Make Your Web Site Work More
So You Can Work Less
By C.J.Hayden
Do you know how your web site fits into the overall marketing
strategy for your business? Do you have a strategy for your web site
as a marketing tool? If you're like many entrepreneurs I speak with,
you probably don't.
All over the world, small business owners are
spending thousands of dollars on building and maintaining web sites
without being able to answer one big question: What do you want your
web site to do?
Creating a web site without a marketing strategy
can be an expensive and time-consuming mistake. Here's an
illustration from the more familiar world of paper and postage.
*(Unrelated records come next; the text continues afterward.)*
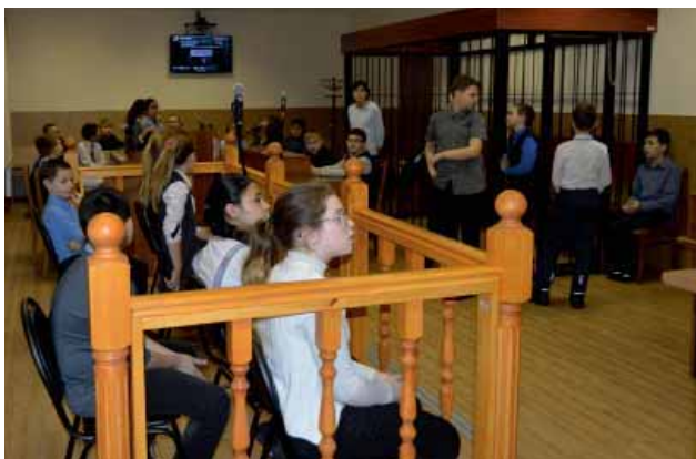
Ребята почувствовали себя в роли присяжных заседателей
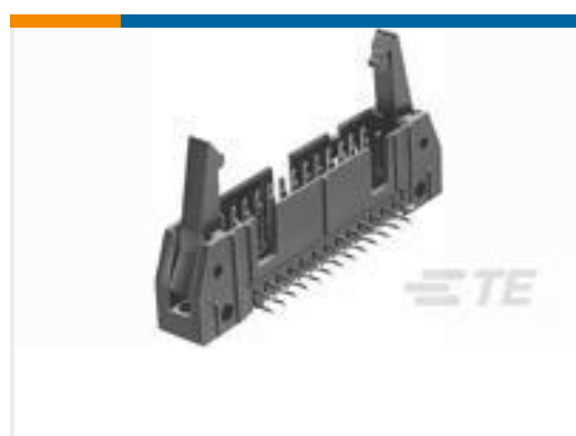
TE 产品编号5499141-5 A/L UNIV HDR 24P RA LG LAT
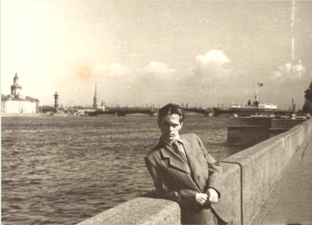
День зачисления в аспирантуру. г. Ленинград. 15 августа 1954 г.
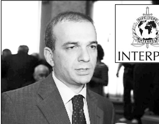
„თავდაცვის მინისტრი შოთა მალაზხია“

რას ნიშნავს განცხადებები საქართველოს ხელისუფლებაში პრორუსული ძალების მოხალდებით მისვლის შესახებ? რატომ უნდა იმართდეს დღევანდელი ხელისუფლება? რატომ არ არის მობილიზებული საქართველოსთვის მათის მიხედვით? რას ვმასხურება ანტიამერიკული ფორმების ციკლი? შესაძლებელია თუ არა კავკასიელების ერთობა? — ასაკლი თაბია ამ და სხვა საკითხებზე ესაუბრა პარლამენტის უმცირესობის წევრი, ქრისტიანულ-კონსერვატიული პარტიის ლიდერი შოთა მალაზხია
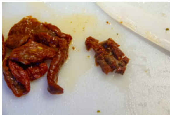
Coupez les tomates confites en petits morceaux
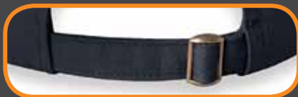
TRI-GLIDE BUCKLE CLOSURE/ ATTACHE ARRIÈRE AVEC BOUCLE COULISSANTE
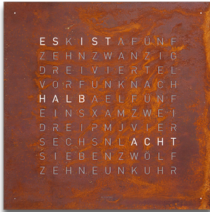
CREATOR'S EDITION :: RUST
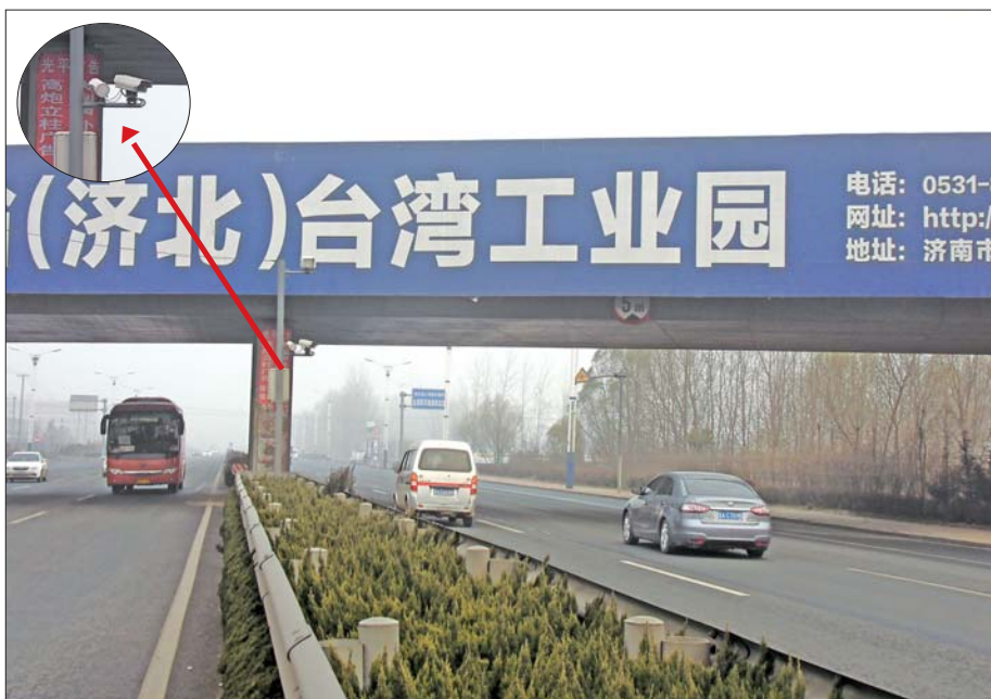
▲该路段宽阔平坦,车流量相对较小,测速抓拍摄像头距离桥下50米左右。
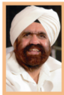
Sant Darshan Singh Ji Maharaj
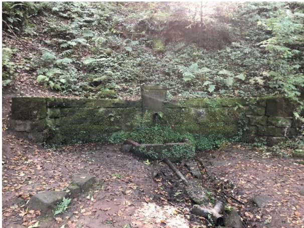
Teufelsbrunnen im Gersbachtal bei Pirmasens-Niedersimten (Dana Taylor, 2021)
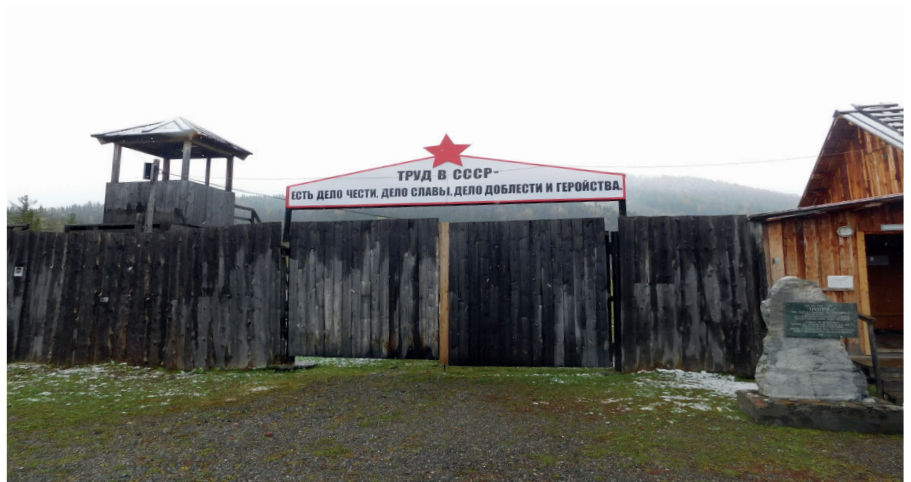
Центральный вход в музей-заповедник «Трехречье»

Судьба же тех, кому освободившись удалось покинуть ГУЛАГ, в дальнейшем тоже не складывалась: их считали врагами народа. Устроиться на хорошую
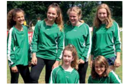
5. Platz - IGS Franzches Feld BS 4
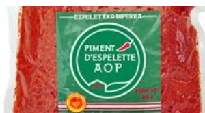
Identification de la poudre (sachet) Vente hors filière
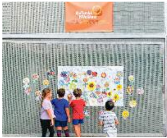
La manifestació a favor de la inclusió a l'Escola Fort Pienc i en Martí, un alumne del centre amb TEA.
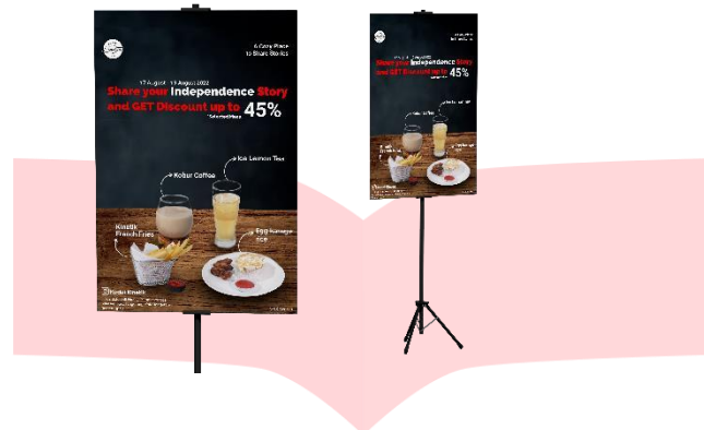
Gambar 11 Stand Banner
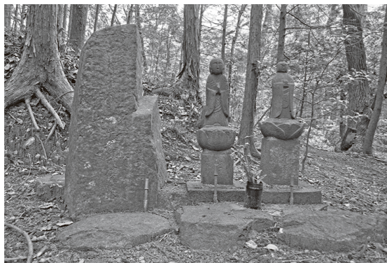
石造物(左から、百観音供養塔、比丘尼像、三界万霊塔)

今回は、町内で撮影したスナップ写真を紹介します。 「山入のケヤキ」 4月、文化財担当の大先輩に連れられて、「山入のケヤキ」を見てきました。昭和39年(1964)に埼玉県指定天然記念物に指定され、同55年に枯死のために指定解除に
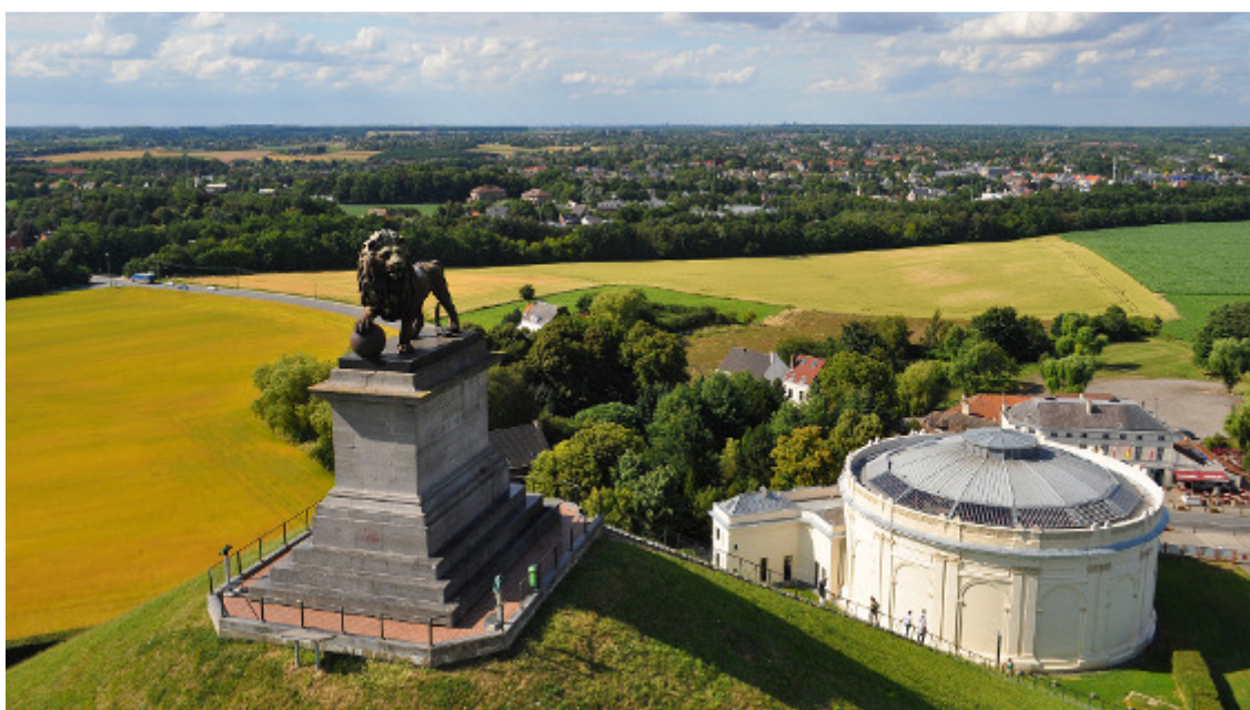
Lion de Waterloo - Panorama - ©MT Waterloo - Jean-Philippe Van Damme

Alors devenez ambassadeur de la marque Wallonia.be !
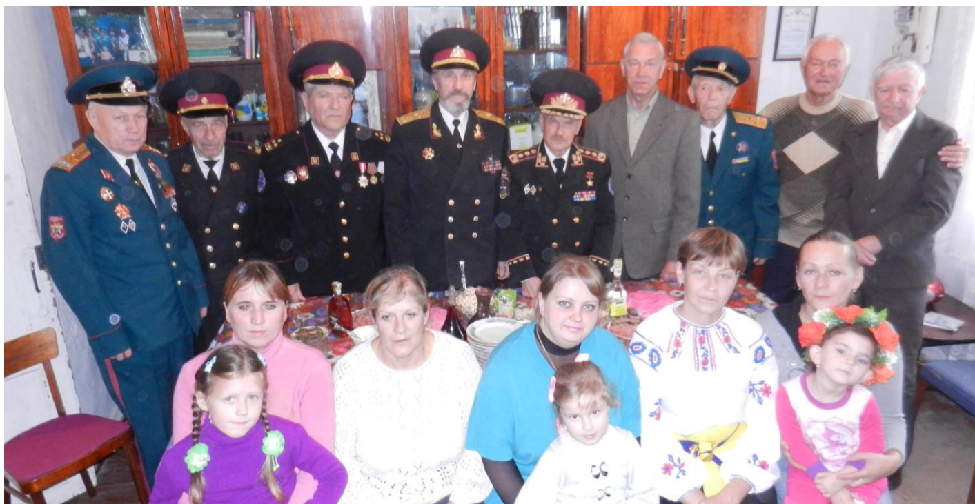
Фото на згадку.

Imagine that you hired a graphic designer, printed 5000 four-color
tri-fold brochures, and when the boxes arrived, you asked yourself,
"Gee, what shall I do with these?"
That scenario may sound a bit embarrassing as it
stands, but let's take it further. Suppose the first idea that
occurs to you is mailing your new brochure to a list of 500 names
you collected by exhibiting at a trade show. But then you realize
that you didn't design the brochure as a self- mailer -- all 6
panels are filled with graphics and copy.
To mail your brochure, you will now need 500
envelopes. Of course you want to use the ones printed with your
address and logo, but how much do those cost a piece? And do you
have 500 in stock? What will be the cost in money or time to get
envelopes printed, addressed, and stuffed? How long will all this
take? Was any of this in your budget when you had the brochures
printed?
The brochure example can tell us much about what
goes wrong in creating web sites. Many sites are constructed to be
simply electronic brochures. Entrepreneurs often get their sites
designed by sending their printed brochure to a web designer, and
saying, "Put this on the Web."
So here's what is wrong with that. If you want
your web site to attract traffic, your web site must be DESIGNED to
attract traffic.
You have a choice in designing your site and
integrating it with your overall marketing strategy. You can choose
to make your site an electronic brochure with no consideration of
how to attract visitors built into the design. If you do this, it
means that you must direct traffic to your site by other means --
advertise, promote, exhibit, speak, write, network, prospect, mail,
call, etc.
Unfortunately, most small business owners find
this out after the fact. They put up the site and then slowly
realize that no one is seeing it. So they start spending time and
money on banner ads, on-line malls, classifieds, postcards, bulk
email, posting articles, exchanging links, and more.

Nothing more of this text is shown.